SUMMARY OF THE INVENTION

[0018] Accordingly, the present invention has been made keeping in mind the above problems occurring in the prior art, and an object of the present invention is to provide a lazy bulk insertion method for moving object indexing, which utilizes a hash-based data structure to overcome the disadvantages of an R-tree, that is, a representative spatial index structure, and uses two buffers to simultaneously store operations in the buffers and process queries stored in the buffers, so that the overall update cost can be reduced.

[0019] Another object of the present invention is to provide a lazy bulk insertion method for moving object indexing, which utilizes a buffer structure to process data about moving objects in a batch manner, so that all input queries about moving objects can be stored and managed.

[0020] In order to accomplish the above objects, the present invention provides a lazy bulk insertion method for a moving object indexing method based on an R-tree, comprising a first step of substituting a buffer and changing a state of the buffer to a deactivated state if an input query cannot be stored in the buffer; a second step of sequentially analyzing operations stored in the deactivated buffer, obtaining information about objects corresponding to respective operations from a direct link to analyze the operations, and thus aligning the operations on the basis of object IDs; a third step of identifying operations, aligned in ascending order of spatial objects, depending on respective objects, determining effectiveness of the operations, and thus realigning the operations on the basis of terminal node IDs; a fourth step of counting a number of insert operations and a number of delete operations for each terminal node, and obtaining variation in a number of empty spaces in the terminal node, thus predicting splitting and merging of the terminal nodes; and a fifth step of reorganizing a processing sequence of queries so as to reduce variation in the node on the basis of the predicted information.

[0021] Preferably, the second step may comprise a search operation step, an insert operation step, a delete operation step, and an update operation step.

[0022] Preferably, the search operation step may be performed so that values of an origin node and a result node are processed without being changed from initial values thereof, and result values of the processing are stored in the buffer.

[0023] Preferably, the insert operation step may comprise the steps of, if information about a terminal node exists in a result node of a direct link, obtaining a value indicating failure as a result of the operation, and considering the operation to have been processed; and, if no information about the terminal node exists in the result node of the direct link, storing information about a terminal node, to which an object will belong, in a result node of the buffer and the result node of the direct link through a search in the R-tree.

[0024] Preferably, the delete operation step may comprise the steps of, if information about a terminal node exists in a result node of a direct link, storing information about a terminal node, to be deleted, in a result node of the buffer and the result node of the direct link through a search in the R-tree; and, if no information about the terminal node exists in the result node of the direct link, returning a value indicating failure as a result of the operation, and then considering the operation to have been processed.

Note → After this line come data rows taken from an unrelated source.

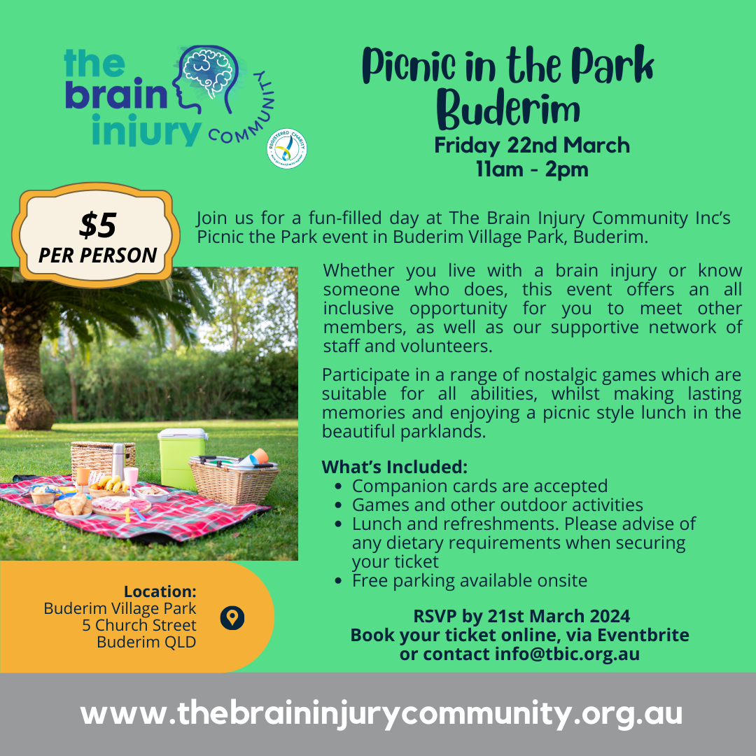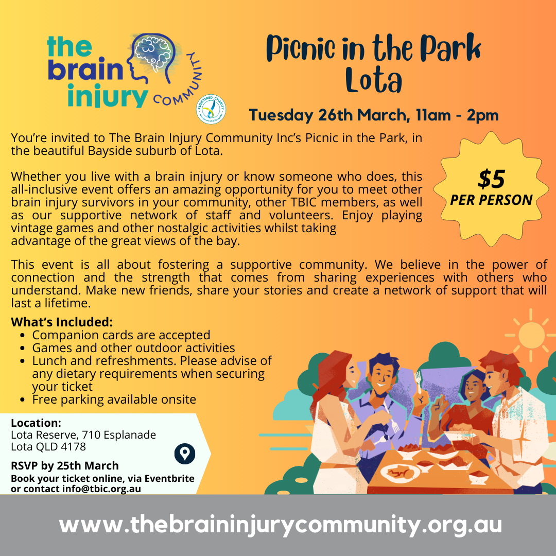 You’re invited to The Brain Injury Community Inc's Picnic in the Park, in the beautiful Bayside suburb of Lota. Whether you live with a brain injury or know someone who...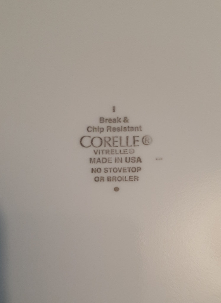 Corelle 12pc dinner set, 4 dinner plates, 4 side plates, 4 bowls. Lightweight, chip and break resistant. As new.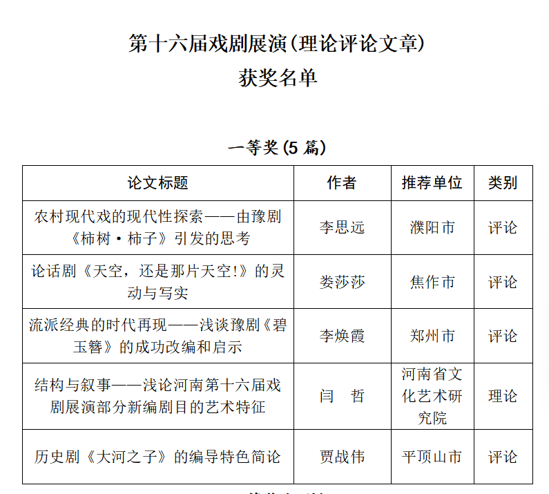 近日,河南省文化和旅游厅正式公示第十六届河南省戏剧展演获奖名单,英国365集团教师贾战伟报送的理论评论文章《历史剧<大河之子>的编导特色简论》荣获戏剧展演理论评论文章类一等奖,这是英国365集团在全省戏剧展演理论评论领域首次荣获该级别奖项。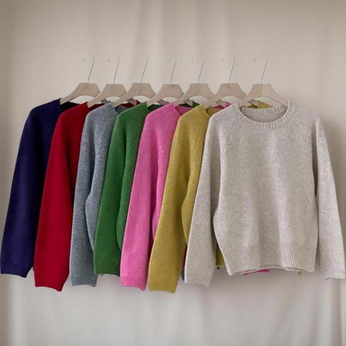 [미라클세븐]여성 나그랑 스타일 데일리 빨강 스웨터 라운드 니트
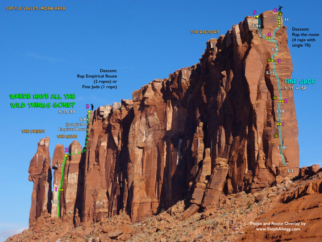 Hike up the Castleton trail and continue along the ridge between Castleton and The Rectory to the base of The Rectory. Fine Jade climbs the obvious splitter on the south prow. To get to the base of Where Have All the Wild Things Gone continue on a trail under the western walls of The Rectory to the north end, where The Nuns merges with The Rectory. The route starts in a corner just right of an obvious area of calcite. | |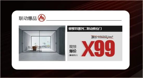 極窄35系列二聯動推拉門,原價1060元/㎡,現驚爆價X99元/㎡。
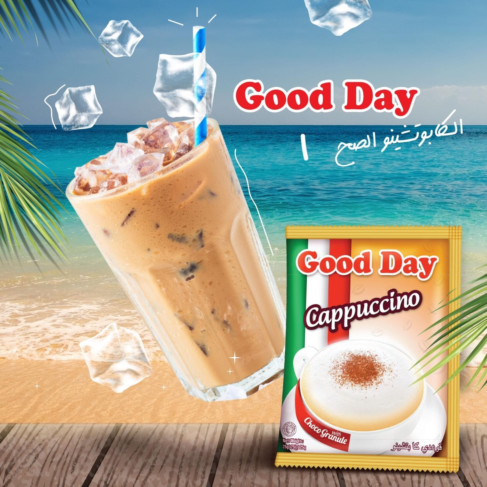 Start your morning right with GOOD DAY CAPPUCCINO, a rich and creamy blend crafted to lift your spirits. Each convenient 20x25gm pack offers the perfect balance of smooth coffee and frothy goodness, making it easy to enjoy café-quality cappuccino anytime. Energize your day with a comforting, flavorful treat that fits seamlessly into your busy lifestyle.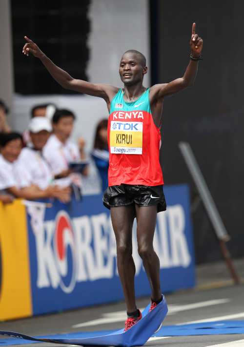 지난 2009년 베를린 세계육상선수권대회에서 대회 최고 기록(2시간6분45초)으로 우승을 차지한 아벨 키루이는 이번 대구 세계육상선수권대회에서 2시간7분38초의 기록으로 또 다시 우승의 기쁨을 누렸다.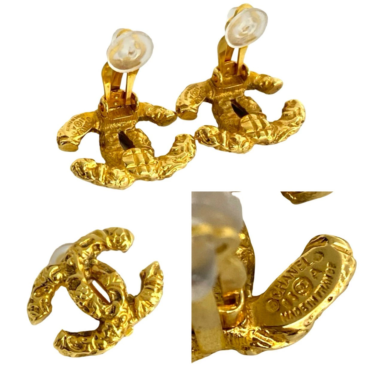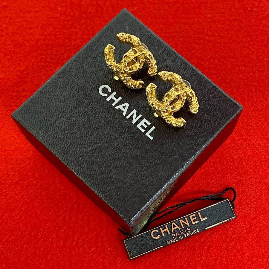 Excellent condition, box included. CHANEL vintage Coco Mark motif earrings and ear cuff, gold, 16506. [Pre-owned]
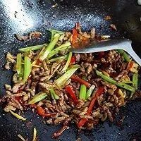 6. 大火一起翻炒,下入红椒丝继续翻炒,同时尝一下咸度是否放盐,我放了豆瓣酱一般没放盐。

[0025] Preferably, the update operation step may comprise the steps of, if information about a terminal node exists in a result node of the direct link, obtaining a value indicating failure as a result of the operation, and considering the operation to have been processed; and, if no information about the terminal node exists in the result node of the direct link, removing the update operation from the buffer, separating the update operation into a delete operation and an insert operation, acquiring operation information depending on the delete operation and the insert operation, and storing the operation information in the buffer.

[0026] Preferably, the third step may be performed so that, if a plurality of operations for a single object exists in a predetermined period, effectiveness of the operations is determined depending on an input sequence thereof on the basis of whether a corresponding object exists in the direct link, effective operations apply information about a terminal node, to be applied as a result of the operations, to the direct link, and do not change a corresponding buffer, and obsolete operations indicate a false state as a result value thereof, without changing the direct link, and change an IsProcess field of the corresponding buffer to a true state, thus indicating that the operations have been performed.

[0027] Preferably, the fourth step may be performed so that the number of insert operations and the number of delete operations are counted for each terminal node to obtain variation in the number of empty spaces in the node, and the variation is decreased in steps of 1 in the insert operations because the number of empty spaces in the node is decreased, and the variation is increased in steps of 1 in the delete operations because the number of empty spaces in the node is increased.

[0028] Preferably, the fifth step may be performed so that information about empty spaces of a corresponding terminal node, which is obtained from a leaf node using variation in the number of empty spaces provided by the buffer, is used, all records stored in the buffer are examined, and the operations are performed according to an input sequence thereof in the case where the operations satisfy a processing condition.

[0029] Preferably, the buffer may be implemented so that half of a capacity of the buffer is used for a space for inputting queries, and a remaining half thereof is used for a record part for separating stored update queries and storing the separated queries.

[0030] Preferably, the record part may comprise an external input region, which is a region for inputting data from an outside, and an internal input region, which is a region for storing data through internal processing.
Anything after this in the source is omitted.